Whether it is the funniest is debatable. But I did what I consider the “funniest” thing during my Middle School years.
It was the mango season, around March. After the dry winter, the mango trees put out satin leaves in coppery hues. Soon the mango flowers bloomed in pagoda stems. The bees buzzed around and pollinated. Tiny green mangoes started to show up among the cluster of cream colored flowers. The green mangoes became bigger and hung down on their stems. One was hanging at a distance within reach. Green mangoes are crisp and sour. When one bites into them, the sounrness makes one close eyes tightly. But when we were young, we looked forward to this experience.
But, the family dictum was not to pick them before they ripen. I thought hard about eating the mango without disobeying.
I was against disobeying. What am I to do?
In my juvenile mind, I found a way.
I was forbidden to pick the fruit. There was nothing against eating it.
I reached up to the mango and took one big bite out of it. In the immortal words of John Milton in “Paradise Lost”, when Eve ate the forbidden fruit, “Earth felt the wound”.
I left the half eaten fruit on its stem.
I never told the tale. Birds or squirrels were naturally blamed for the condition of the mutilated mango.

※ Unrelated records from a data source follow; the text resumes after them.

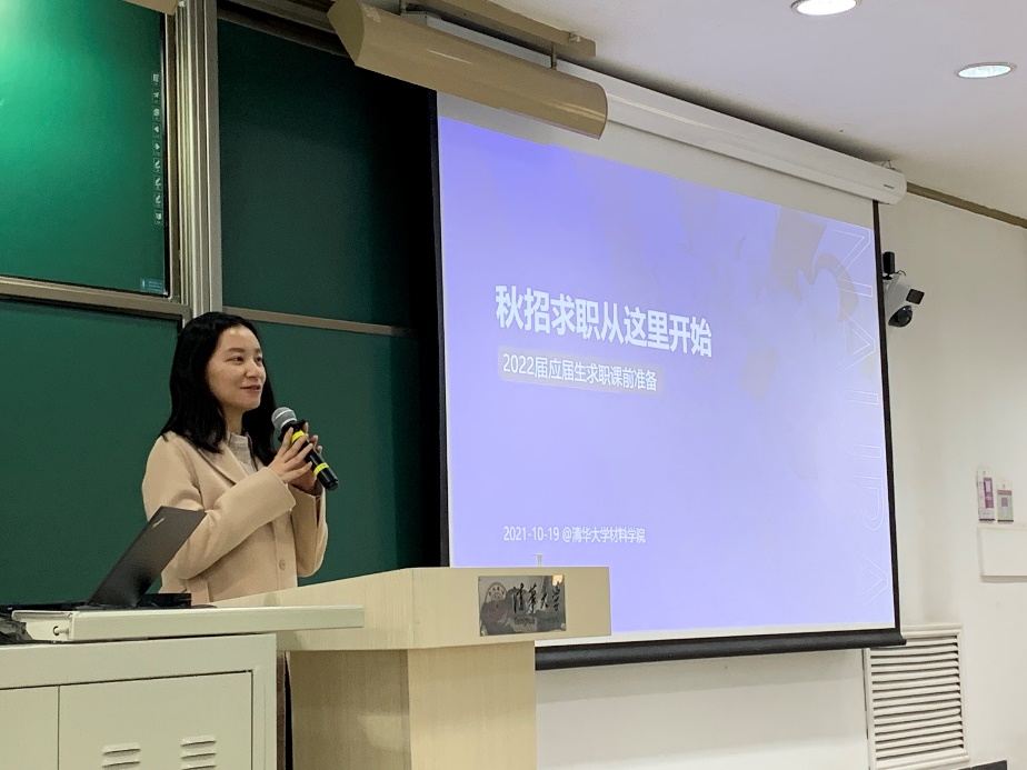 接下来北方华创HRBP总监,2006级员工谢谦学姐为大家介绍求职经验,她从招聘者的角度建议大家充分准备,做好求职的课前准备。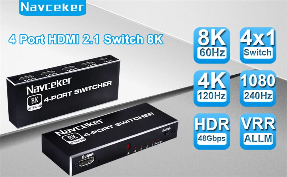 Comprar Navceker-conmutador Selector HDMI 2,1, 8K, 4K, 120Hz, HD, divisor 4 en 1, salida 3 en 1, para ordenador portátil, PC, TV Box, PS5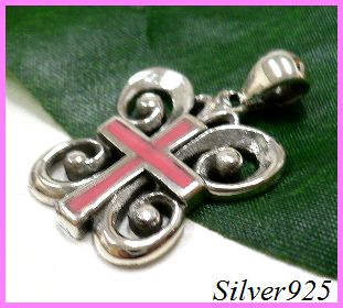 - シルバー925銀のピンク コーラル クロス ちょうちょ ペンダント/ALL50%OFF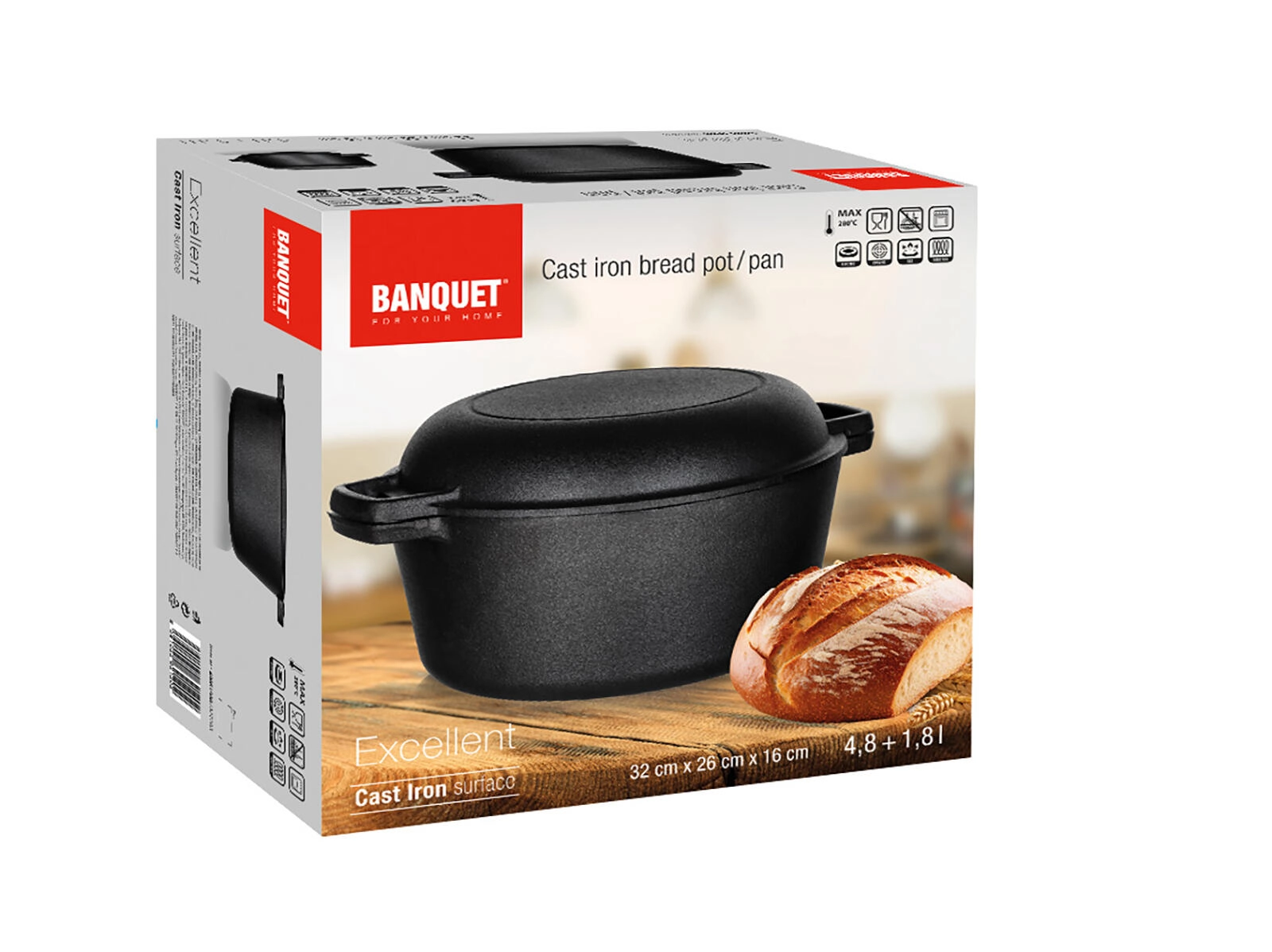 Odkrijte vsestranski litoželezni lonec EXCELLENT, ki obvlada vse od domačega kruha do dišečih pečenk. Masivno lito železo se hitro in enakomerno segreje ter dolgo zadržuje toploto, zato kuhate varčneje in z zanesljivimi rezultati. Pokrov z lastno prostornino 1,8 l služi tudi kot samostojna ponev za cvrtje ali nizek pekač za zapekanje.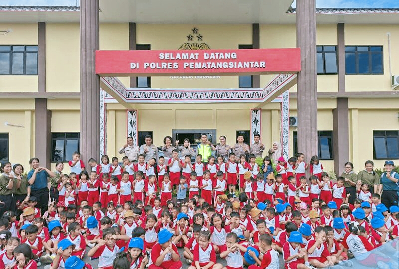 *PEMATANGSIANTAR* – VeranNews.com – Satuan Lalu Lintas Polres Pematangsiantar menerima kunjungan edukatif dari 180 siswa Taman Kanak-Kanak (TK) Cinta Rakyat di Markas Komando Polres Pematangsiantar, Jalan Sudirman, Kecamatan Siantar Barat, Jumat (20/2) sekitar pukul 09.00 WIB.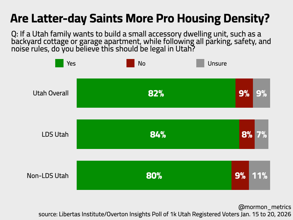 I think it's a big stretch to conclude LDS-Utah, or even Utah in general is breaking the NIMBY mould just because slightly more than 80% people are okay with their neighbours building a backyard or garage suite. That's probably one of the smallest increases in density a single family home lot could undergo. That's potentially not even one additional family worth of space (it does say small, so I'm assuming the question, and those answering it, are picturing something for 1-2 people, maybe 3 at most if it's a couple with a kid that's still small before they go elsewhere). I would be far more surprised if the same results occured and the question asked something like "If a property owner in your neighborhood demolished the house on it and replaced it with a four-unit row house with four secondary suits (8 units total), taking care to follow all building, safety, and noise laws, would this be okay?" I think the results would be much different. I used an 8-unit example as I'm told this is one of the most common types of "missing middle" housing needed by many cities in NA having the density conversation.
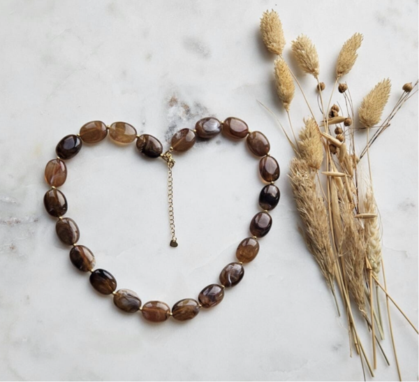 Gemaakt met ovale acryl kralen en afgewerkt op een stainless steel sluiting. Als basis van de ketting heb je de keuze uit een gouden of zilveren basis.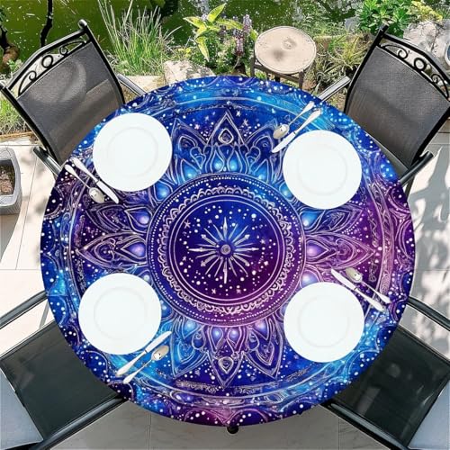 Yesad Round Table Cover for Round Tables 36"-70", Fitted Tablecloth with Elastic for Indoor Outdoor Party Holiday, 60inch, Blue and Purple Mandala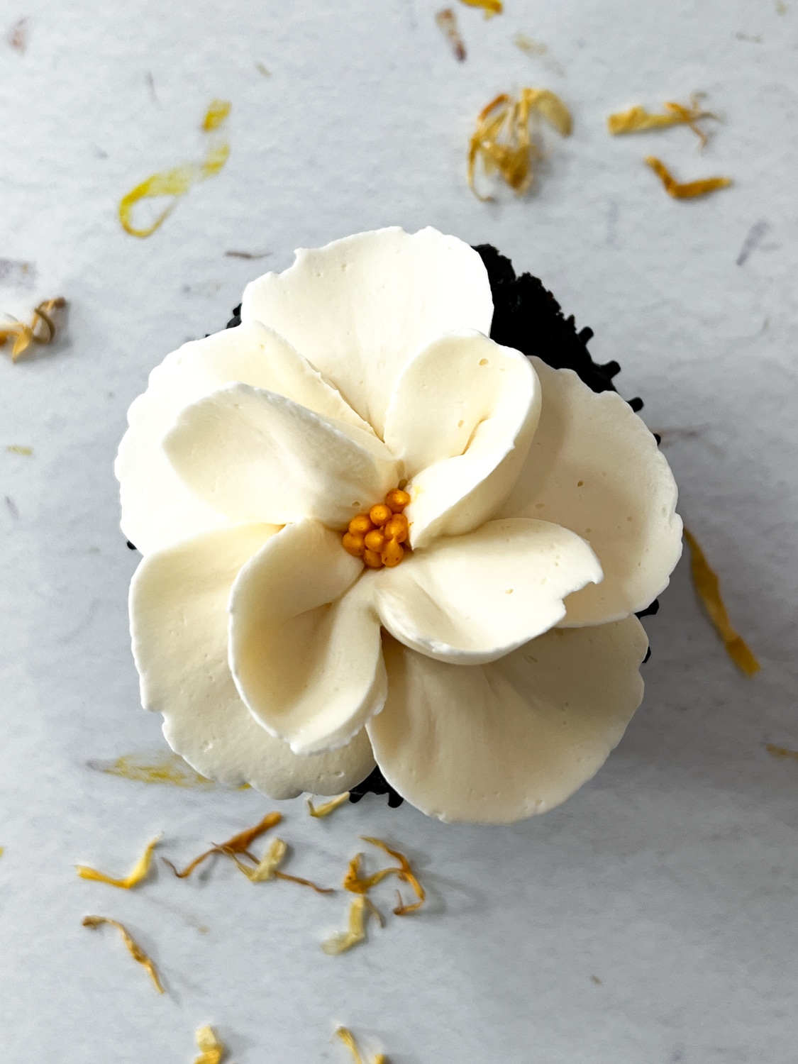 Flavor Profile: Our cupcakes provide the perfect canvas for the delicate floral magnolia design, while the Swiss meringue buttercream adds a sophisticated, creamy finish that’s not overly sweet.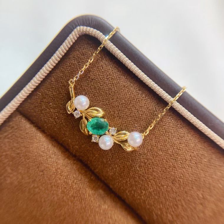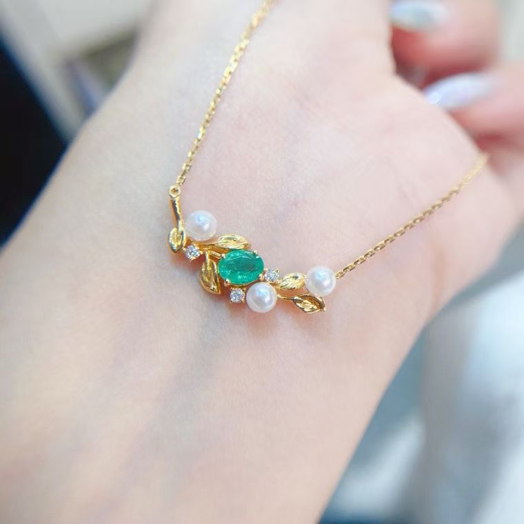 18k金镶嵌祖母绿天然钻石搭海水珍珠项链,附证书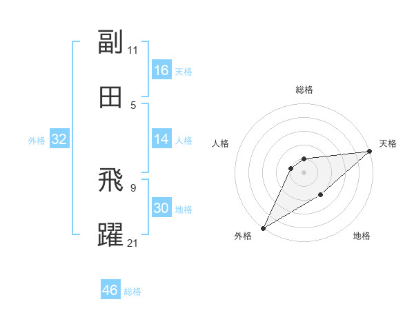 副田 飛躍さんを姓名の画数から五運を鑑定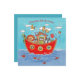 Cette belle illustration d'un stylo et d'aquarelle de Helen McCartney Designs présente un groupe d'animaux sucrés qui s'agglutinent à bord de Noah's Ark.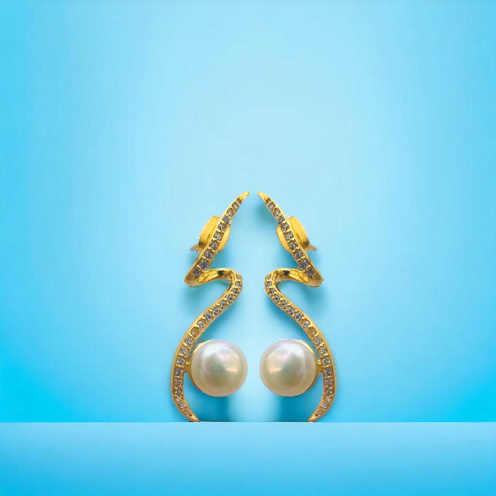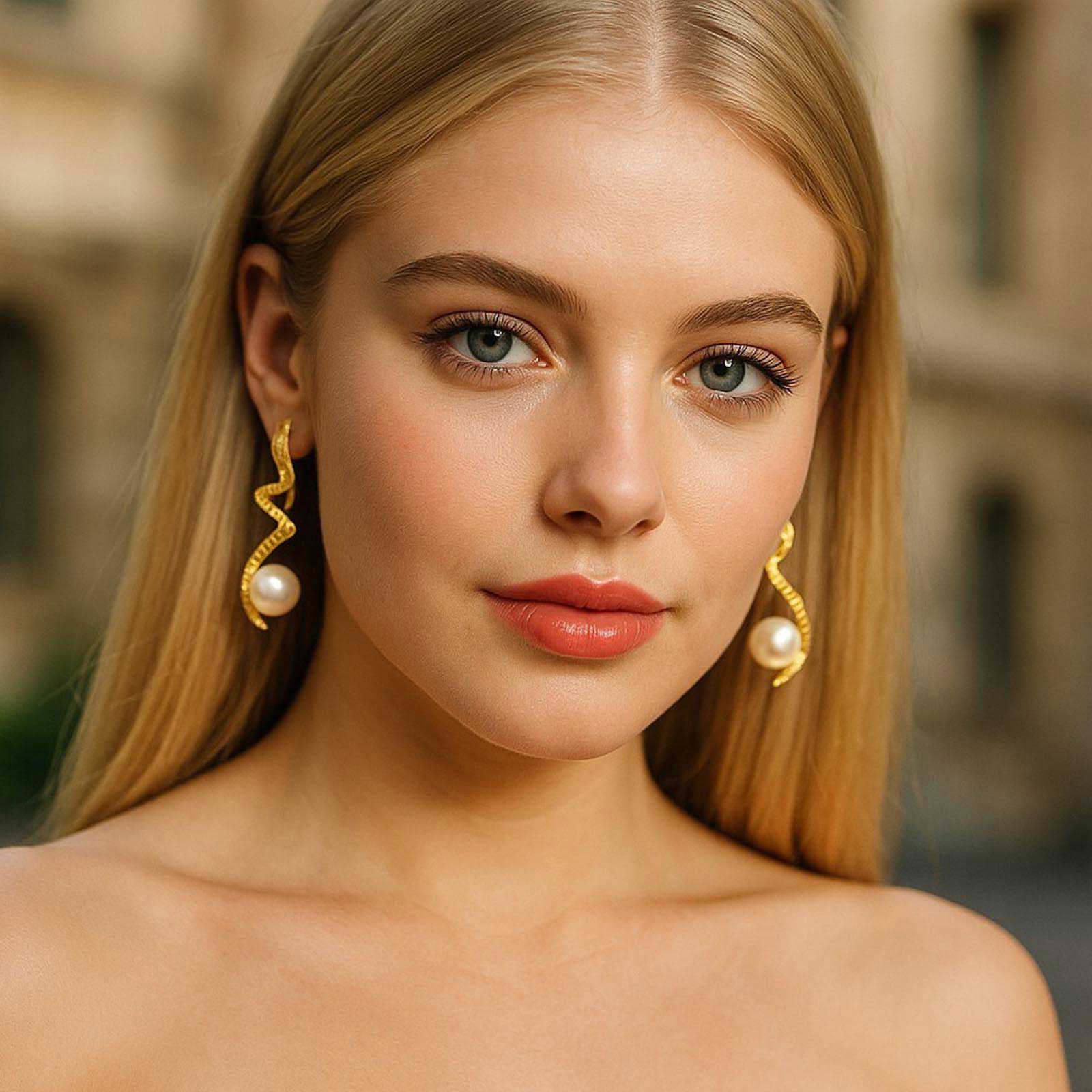 Boucles d’oreilles en laiton plaqué or avec pierres semi-précieuses et perle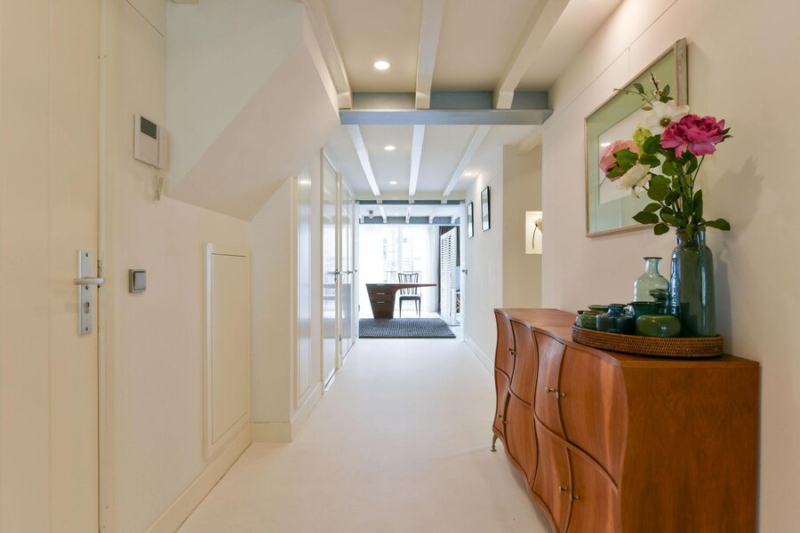 The apartment is part of Rijksmonument ‘Grote Swaen’, originally built in 1624. Over the years, the complex has been well maintained, with the foundation being renewed in 1948, among other things, and a complete internal renovation in 2014 The current owners bought the shell space in that year and have renovated it with great care and attention to the beautiful state it is in today. In the process, an open plan has been put down where space and light have been included as key points. Walls are extra solid by using the right materials, extra insulation is added to the ceiling, luxury lighting plan and preparation in each room of utp and coax, high quality equipment and a CV with overcapacity, in combination with underfloor heating. In short, everything has been thought of!
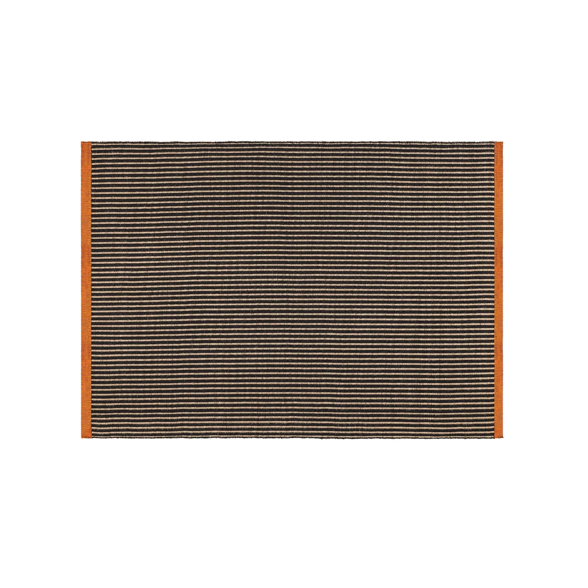 The Line rug from Tom Dixon impresses with its striking, reversible flat weave made from mixed jute yarn. The design combines black stripes with a contrasting orange band, which gives the rug a modern, graphic character. Thanks to its hard-wearing structure and different sizes, the Line rug is equally suitable for small and large rooms and makes a clear, design statement wherever it is used.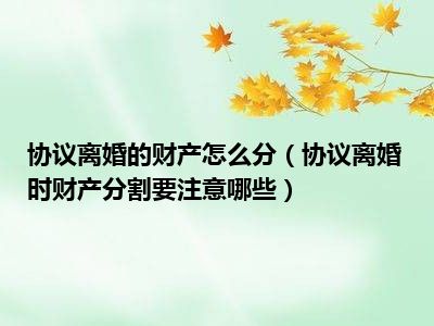 目前大家应该是对协议离婚时财产分割要注意哪些比较感兴趣的,所以今天CC就来为大家整理了一些关于协议离婚时财产分割要注意哪些方面的相关知识来分享给大家,希望大家会喜欢哦。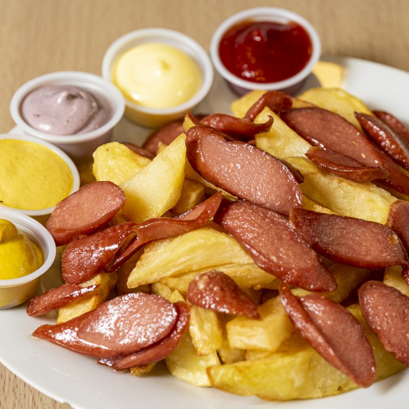Con salchicha de ternera mixta, papas fritas y ensalada de la casa, salsas a elegir.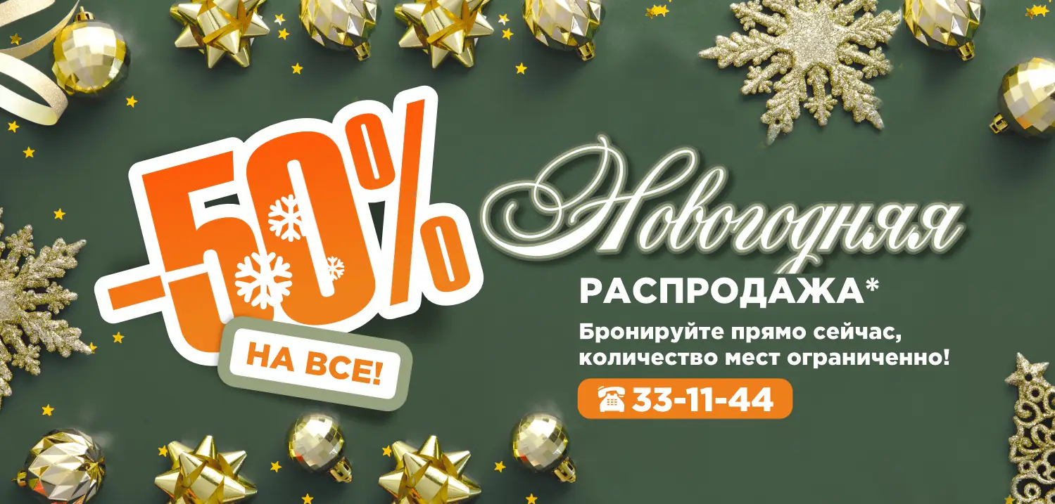 * Организатор акции ООО «Санаторий «Евромед». Сроки проведения акции 16.12.2024 – 28.12.2024. Скидка 50% предоставляется при условии приобретения путевки длительностью от 2-х дней с выездом не позднее 28 декабря 2024 г. Скидка не суммируется с другими скидками, специальными предложениями и не распространяется на ранее приобретенные и забронированные путевки.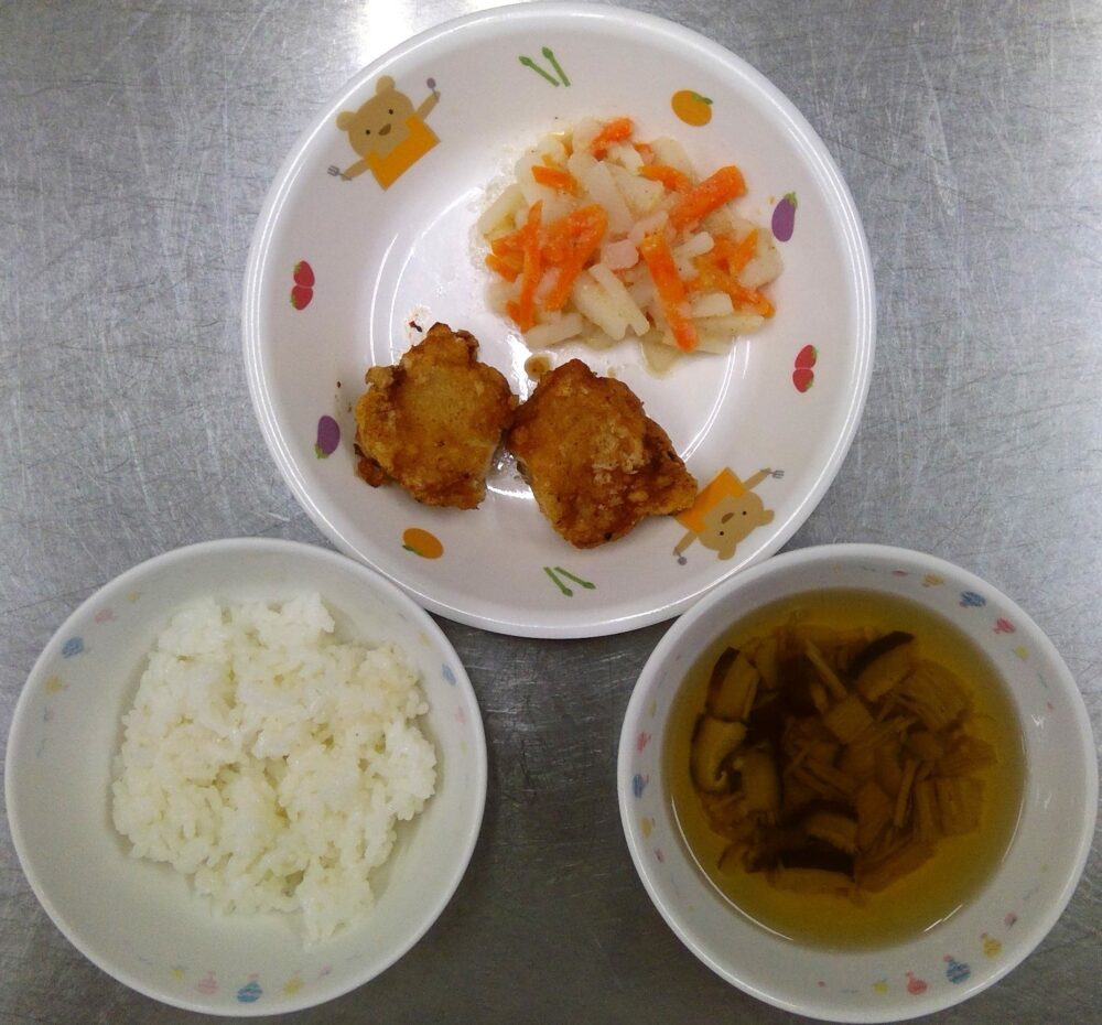 給食は「山賊焼き」「いもなます」「きのこ汁」

But, nature took her revenge. The acidic juice of the green mango left its burn mark above my lips. It stayed there for a few days. No one interrogated me about it. It went to oblivion like a lot of my bruises.
Alas, the mango itself stayed stunted without ever reaching full growth and ripeness. It could not fulfill its hope of sweetness which was its due. It remained a mute reminder of my perfidy.